He added: “I would like to thank Ciaran Martin for the way he has pioneered cyber security in the UK. He leaves the NCSC having led the development of a world leading capability. We wish him the best of success as he embarks on the next stage of his career in academia and business.”

Before being appointed as NCSC’s first CEO in February 2016, Martin served on the board of GCHQ as the head of cyber security, having previously worked in the Treasury and the Cabinet Office. While working for GCHQ, he recommended the creation of the NCSC, which was announced by the government in November 2015.

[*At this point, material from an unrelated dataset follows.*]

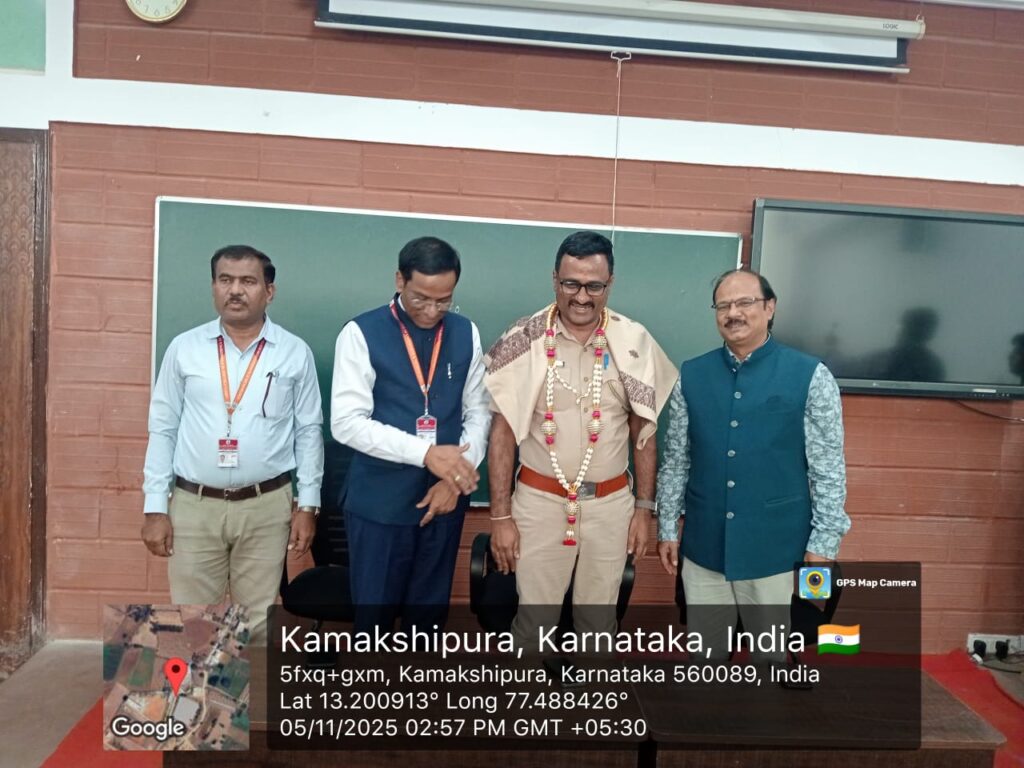 As a mark of appreciation, Principal Dr. M. S. Ganesha Prasad and Director Dr. Ganesh Babu felicitated Police Inspector Mr. Dilip Kumar for his valuable contribution to student awareness and community engagement.

During his tenure, the agency has sought to bolster Britain’s cyber defences attacks while also conducting a number of investigations into campaigns orchestrated by hostile state actors working on behalf of the Chinese, Russian, Iranian and North Korean governments.

The agency also handled the UK’s response to the WannaCry and NotPetya cyber attacks of 2018. But perhaps its most high-profile assignment has been a long-running assessment the security risk posed by the Chinese telecoms equipment provider Huawei. The agency had initially determined that any risks posed by the vendor could be mitigated by restricting the role it plays in the UK’s 5G telecoms networks.

However, that judgement changed in recent months after the US issued new trade restriction on the company. The government has since vowed to ban the company from the UK’s telecoms networks.